How to complete this task. From the entries below, say how many lines carry the word "sich", and give nothing but the number.

*** The input

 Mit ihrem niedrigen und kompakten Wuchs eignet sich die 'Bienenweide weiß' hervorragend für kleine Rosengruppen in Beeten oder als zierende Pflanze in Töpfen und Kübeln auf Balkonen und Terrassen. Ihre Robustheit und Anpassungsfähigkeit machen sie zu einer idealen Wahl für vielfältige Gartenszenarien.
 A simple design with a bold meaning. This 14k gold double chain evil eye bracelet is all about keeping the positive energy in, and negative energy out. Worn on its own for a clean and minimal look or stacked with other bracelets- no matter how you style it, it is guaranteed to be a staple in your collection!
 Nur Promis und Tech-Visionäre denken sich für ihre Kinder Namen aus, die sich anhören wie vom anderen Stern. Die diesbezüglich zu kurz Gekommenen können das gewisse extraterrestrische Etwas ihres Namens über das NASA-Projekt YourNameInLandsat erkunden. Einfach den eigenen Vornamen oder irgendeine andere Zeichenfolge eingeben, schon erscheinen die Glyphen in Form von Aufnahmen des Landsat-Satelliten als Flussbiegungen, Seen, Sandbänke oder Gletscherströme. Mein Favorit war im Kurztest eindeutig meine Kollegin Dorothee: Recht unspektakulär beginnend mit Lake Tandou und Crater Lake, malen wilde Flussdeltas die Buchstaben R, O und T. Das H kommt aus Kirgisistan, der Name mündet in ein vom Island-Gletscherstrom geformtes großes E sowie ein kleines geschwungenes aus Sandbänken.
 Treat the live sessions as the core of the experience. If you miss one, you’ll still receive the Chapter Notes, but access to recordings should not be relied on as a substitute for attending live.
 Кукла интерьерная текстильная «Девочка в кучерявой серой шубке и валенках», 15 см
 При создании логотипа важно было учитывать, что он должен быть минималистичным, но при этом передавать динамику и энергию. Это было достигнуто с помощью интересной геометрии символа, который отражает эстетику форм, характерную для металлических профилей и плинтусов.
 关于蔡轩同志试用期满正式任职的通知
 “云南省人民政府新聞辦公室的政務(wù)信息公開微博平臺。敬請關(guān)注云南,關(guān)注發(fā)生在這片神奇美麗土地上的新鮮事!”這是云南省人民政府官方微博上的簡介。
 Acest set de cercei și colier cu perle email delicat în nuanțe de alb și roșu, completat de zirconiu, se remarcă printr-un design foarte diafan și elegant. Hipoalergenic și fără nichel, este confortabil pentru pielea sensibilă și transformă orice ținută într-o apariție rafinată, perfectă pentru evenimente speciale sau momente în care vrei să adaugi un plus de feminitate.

******

Solution. 2